No es tampoco infrecuente el uso de autojustificaciones en cada una de las partes acusándose de "estar fuera de la realidad" (el político al intelectual) o "ceder los ideales demasiado deprisa ante las demandas del poder" (el intelectual al político). No diré que yo no haya empleado nunca estas expresiones u otras similares, pero si lo he hecho ha sido imprudentemente. Porque estos argmentos, tengo que decirlo, me parecen cuando menos idioteces. No hay "identidades" y "vocaciones" esenciales sino circunstancias a las que nos abocan las contingencias que ocurren y constriñen nuestros planes de vida. Y lo mismo cabe arguir contra los supuestos "ethos" o caracteres que definirían una y otra forma de vida. La psicología experimental nos enseña que detrás de tales "ethos" no hay sino estereotipos, prejuicios y caricaturas. Que desgraciadamente tienen efectos desastrosos sobre los comportamientos reales pues, al modo del camarero que describía Sartre en el capítulo sobre la "mala fe" de El ser y la nada, intelectuales y políticos sin distinción intentan formarse una imagen de intelectuales y políticos: construyen sus ademanes, levantan las cejas y caminan como patos intentando imitarse a sí mismos como si la pintura que han internalizado les ayudase a sostener su identidad.

Intelectuales y políticos son tan diferentes entre sí como los fontaneros y los mecánicos de electricidad del automóvil. Pura contingencia, puro habitus necesario para sobrevivir cada día. Se comienza por el "ethos" para pasar a la moral y de ahí al insulto, como si la supuesta identidad inmunizase contra los defectos del otro. No diré que la vida del activista, del gestor y del político estratega no esté llena de peligros y corruptelas, pero por dios que no son mayores que las tentaciones en las que caen tantas veces intelectuales y gente afín. Venderse por un par de halagos, por un premio aquí o allá, por el articulillo de la página deseada en el periódico de referencia, Ser humanos es ser gente que patalea en medio del barro para seguir adelante un día más.

Aníbal Núñez, el delicado poeta muerto en los albores de la Cultura de la Transición,--cuya vida dañada (tan bellamente narrada por Fernando Rodríguez de la Flor) testimonia la fractura de una generación cuyos hijos más sensibles quedaron en el camino--, escribió este corrosivo poema que responde a Fray Luis de León y a todas las idealizaciones del intelectual:

Una vez el paisaje y los dulces vecinos
cultivaron un cerco de boj para el filósofo
y su interlocutor. Cuando salieron
por la espiral del pensamiento,
hambrientos encontraron la mesa puesta: hubo
en ellos aún palabras de alabanza a las fresas

Hermoso cuento mientras cae de nuevo
la rosada cortina de la tarde
y duerme el valle y en el valle duermen
los signos en las piedras y la razón idílica.

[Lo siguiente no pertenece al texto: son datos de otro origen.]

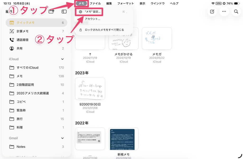 メニューバーを表示したら、「ファイル」→「(アプリ名)設定」をタップします。これで、アプリの設定が表示されます。

Armonía delicada sólo rota
por el creciente frío y por la duda
que plantea la retama lozana y abundante
frente a lo desusado de la flor de acónito.

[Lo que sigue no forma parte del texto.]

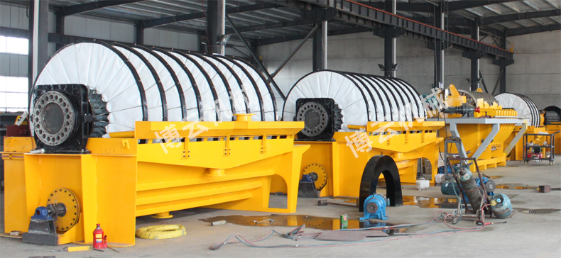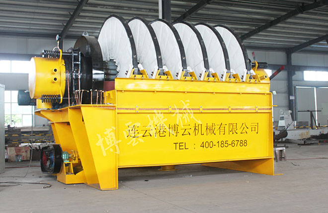 盤式真空過濾機由各個單獨的扇形片的圓盤構成。每一個扇形片為單獨的過濾單元,由濾布做成布套在扇形片上形成濾室。過濾盤由電機通過減速器及開式齒輪傳動來驅動,過濾盤順時針方向轉動,濾室里的礦漿在吸附區借助于真空泵在過濾介質兩側形成的壓力差,附著在過濾盤上形成濾餅后,攪拌器旋轉防止固體沉淀,濾餅離開液面后,在真空作用下繼續脫去水分。濾液透過濾布,經過濾液管,從分配頭排出。濾餅在卸料區由反吹風卸料落入排料槽,整個作業過程連續循環進行。

(Aníbal Núñez, Alzado de la ruina)

Armonías delicadas que son rotas por el creciente frío y la amenaza de la flor de acónito. Una bella flor que esconde un poderoso veneno. Matalobos se llama en ciertos sitios a la planta. Belleza mortal del sotobosque que se opone a la retama lozana y abundante del matorral y el carrascal por donde discurre la dura senda de la vida.

No hay "ethos", hay formas de trabajo y maneras de organizar el tiempo. Quizá el intelectual no tenga contacto con "la realidad" (vaya cuento chino, como si viviese en Andrómeda y su vida no fuese parte de la realidad), pero tal vez lo que no tiene es tiempo para dedicarlo a la "gestión", Quizá el político no maneje bien el lenguaje y esté ayuno de ideas, pero lo que probablemente no tiene es tiempo de leer.

No hay "ethos", Lo único que hay son sociedades más o menos permisivas con la corrupción, Reglas de juego que tienen trampas escondidas y admiten que la corrupción salga gratis y la decencia pague un precio alto.